▶ [What is required]: Taking the data below, please print only the lines from the line holding "通过和AWE2111系列单相" to the line holding "Toilettendeckel weiß mit", inclusive, with pictures omitted.

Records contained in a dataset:
*** Begin section ***

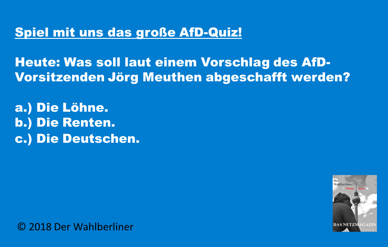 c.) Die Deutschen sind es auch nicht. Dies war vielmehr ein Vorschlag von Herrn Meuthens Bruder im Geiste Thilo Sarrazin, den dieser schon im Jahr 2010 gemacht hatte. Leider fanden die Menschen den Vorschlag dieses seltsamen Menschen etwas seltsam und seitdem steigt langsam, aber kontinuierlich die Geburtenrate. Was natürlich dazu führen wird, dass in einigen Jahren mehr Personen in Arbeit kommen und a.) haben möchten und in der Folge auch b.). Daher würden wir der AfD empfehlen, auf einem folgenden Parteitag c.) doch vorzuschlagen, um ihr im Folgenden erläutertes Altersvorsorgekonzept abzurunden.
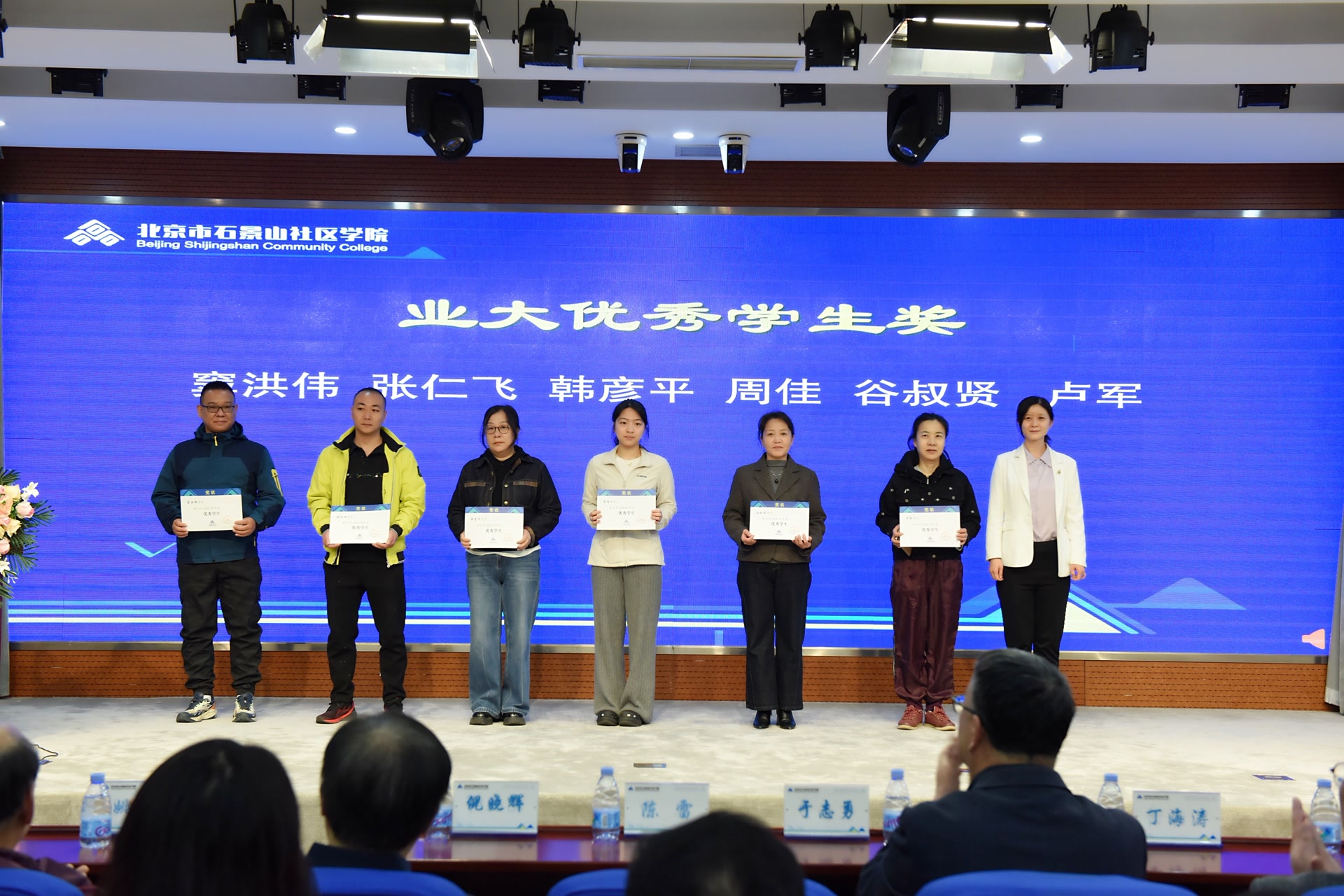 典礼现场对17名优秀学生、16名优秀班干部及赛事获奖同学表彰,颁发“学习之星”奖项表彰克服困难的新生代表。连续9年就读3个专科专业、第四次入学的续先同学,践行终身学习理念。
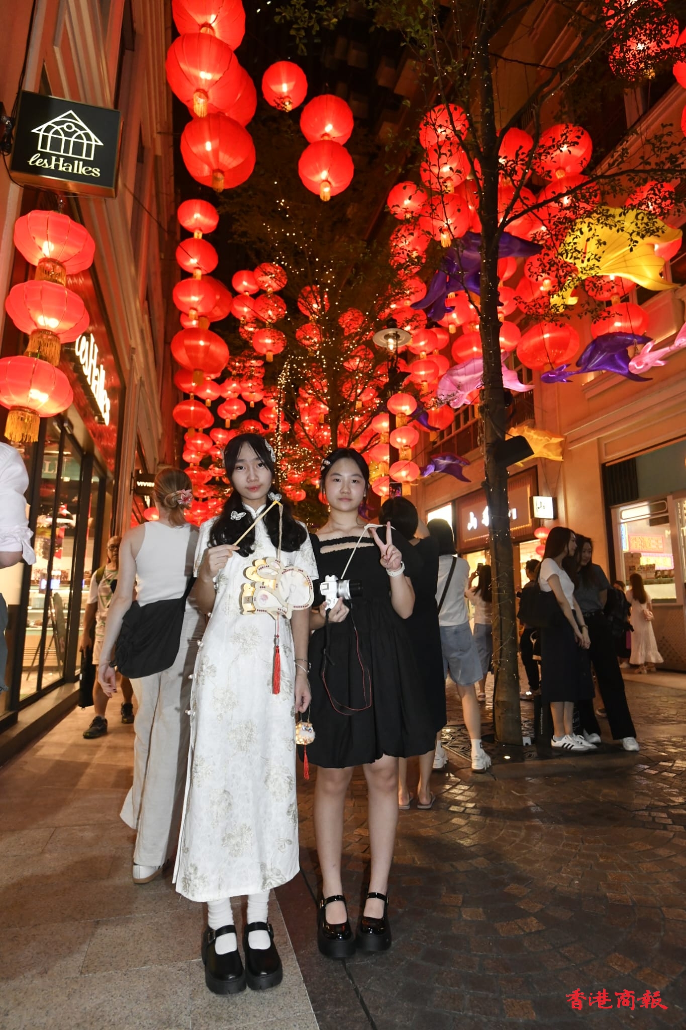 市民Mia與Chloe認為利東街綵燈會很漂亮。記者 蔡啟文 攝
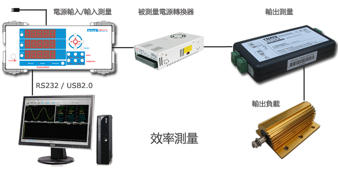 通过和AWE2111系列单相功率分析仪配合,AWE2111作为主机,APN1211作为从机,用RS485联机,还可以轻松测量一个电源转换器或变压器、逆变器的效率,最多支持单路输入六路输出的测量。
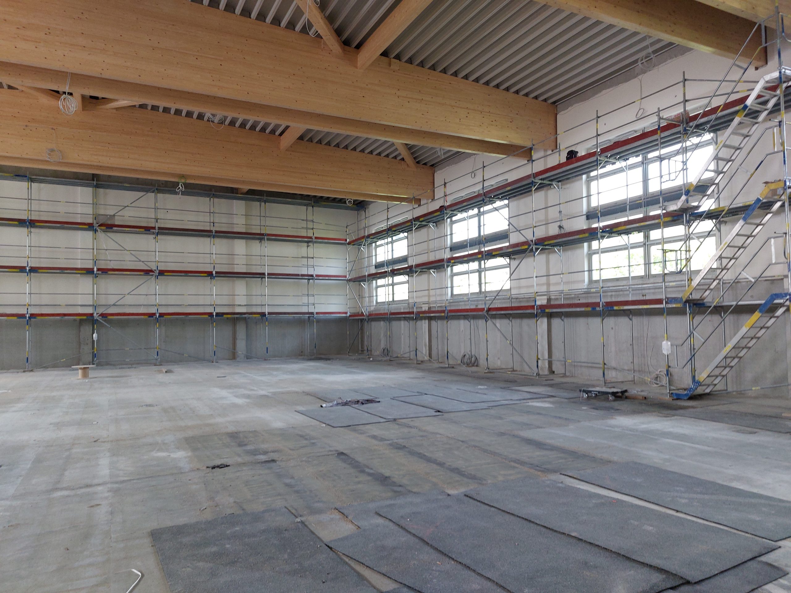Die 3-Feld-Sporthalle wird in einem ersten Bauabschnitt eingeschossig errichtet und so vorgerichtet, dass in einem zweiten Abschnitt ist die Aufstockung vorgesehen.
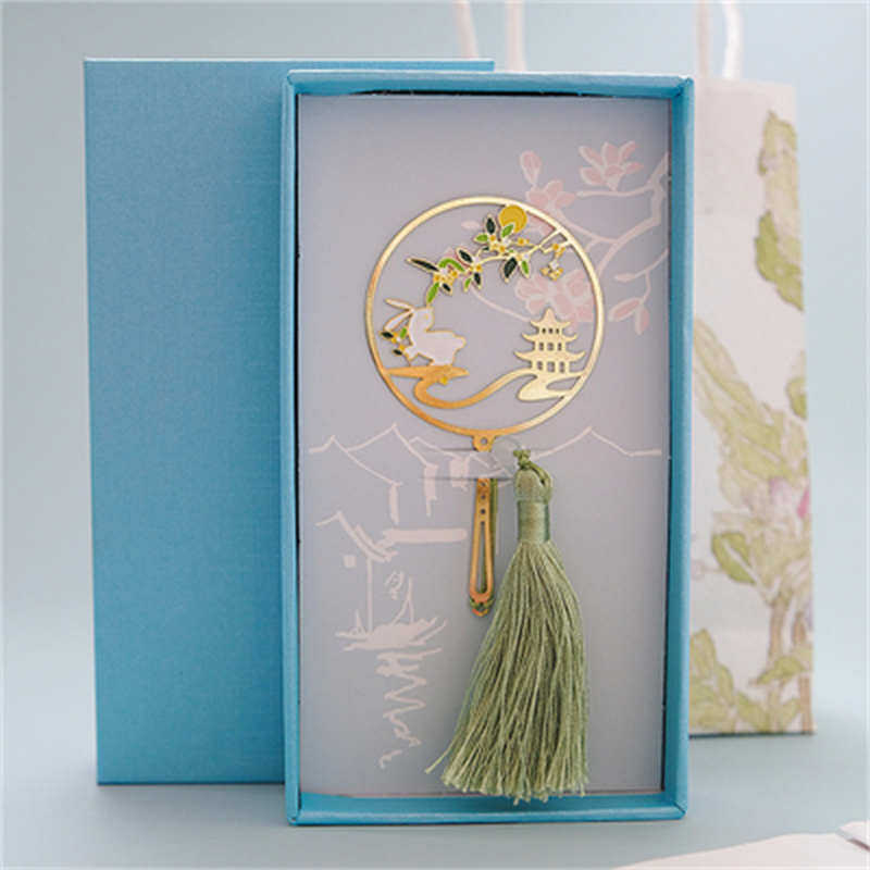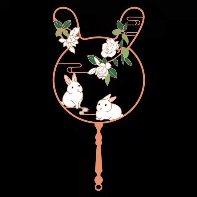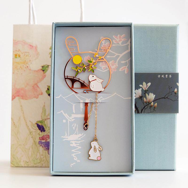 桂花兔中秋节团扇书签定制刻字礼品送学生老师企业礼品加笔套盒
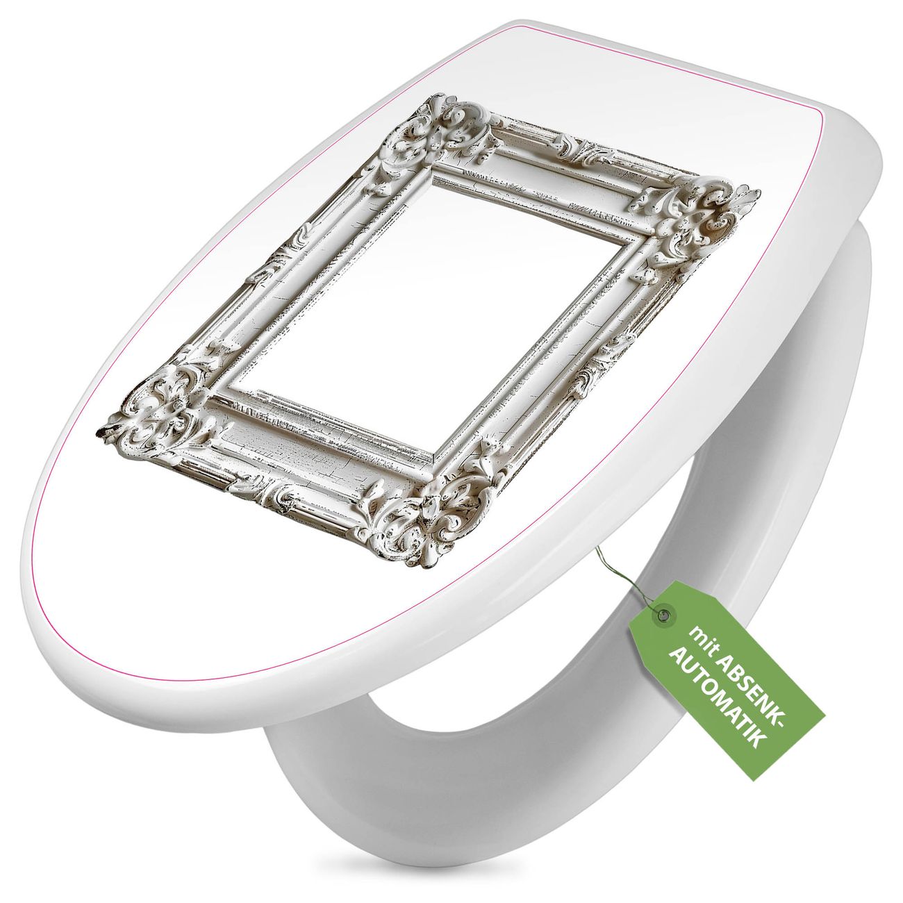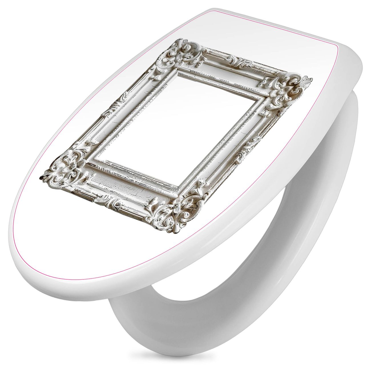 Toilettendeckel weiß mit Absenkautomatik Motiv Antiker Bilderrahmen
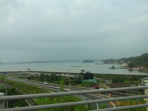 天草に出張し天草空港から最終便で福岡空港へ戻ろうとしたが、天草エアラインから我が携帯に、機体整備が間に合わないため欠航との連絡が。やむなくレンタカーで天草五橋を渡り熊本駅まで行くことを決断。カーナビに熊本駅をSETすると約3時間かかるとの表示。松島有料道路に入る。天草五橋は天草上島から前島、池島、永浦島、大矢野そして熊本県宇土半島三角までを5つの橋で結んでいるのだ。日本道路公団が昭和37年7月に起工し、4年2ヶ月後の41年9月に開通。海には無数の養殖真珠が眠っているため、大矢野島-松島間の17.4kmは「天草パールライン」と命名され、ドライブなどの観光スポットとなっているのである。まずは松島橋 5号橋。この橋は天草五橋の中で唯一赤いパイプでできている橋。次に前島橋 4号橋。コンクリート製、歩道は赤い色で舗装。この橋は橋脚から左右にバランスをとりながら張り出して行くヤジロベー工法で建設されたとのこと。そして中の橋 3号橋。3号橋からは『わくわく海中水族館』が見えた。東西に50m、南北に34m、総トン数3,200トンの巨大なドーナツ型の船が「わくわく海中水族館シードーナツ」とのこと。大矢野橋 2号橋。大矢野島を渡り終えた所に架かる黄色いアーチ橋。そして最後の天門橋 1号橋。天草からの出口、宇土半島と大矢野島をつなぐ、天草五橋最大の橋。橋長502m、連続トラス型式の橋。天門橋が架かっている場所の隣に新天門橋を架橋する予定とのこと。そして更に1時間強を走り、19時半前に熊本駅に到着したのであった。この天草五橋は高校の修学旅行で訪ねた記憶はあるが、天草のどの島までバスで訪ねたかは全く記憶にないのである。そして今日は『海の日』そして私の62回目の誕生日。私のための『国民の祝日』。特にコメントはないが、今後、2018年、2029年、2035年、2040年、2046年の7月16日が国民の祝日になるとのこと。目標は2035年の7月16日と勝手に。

*** End section ***

▶ [Answer to this exercise]:
 通过和AWE2111系列单相功率分析仪配合,AWE2111作为主机,APN1211作为从机,用RS485联机,还可以轻松测量一个电源转换器或变压器、逆变器的效率,最多支持单路输入六路输出的测量。
Die 3-Feld-Sporthalle wird in einem ersten Bauabschnitt eingeschossig errichtet und so vorgerichtet, dass in einem zweiten Abschnitt ist die Aufstockung vorgesehen.
 桂花兔中秋节团扇书签定制刻字礼品送学生老师企业礼品加笔套盒
 Toilettendeckel weiß mit Absenkautomatik Motiv Antiker Bilderrahmen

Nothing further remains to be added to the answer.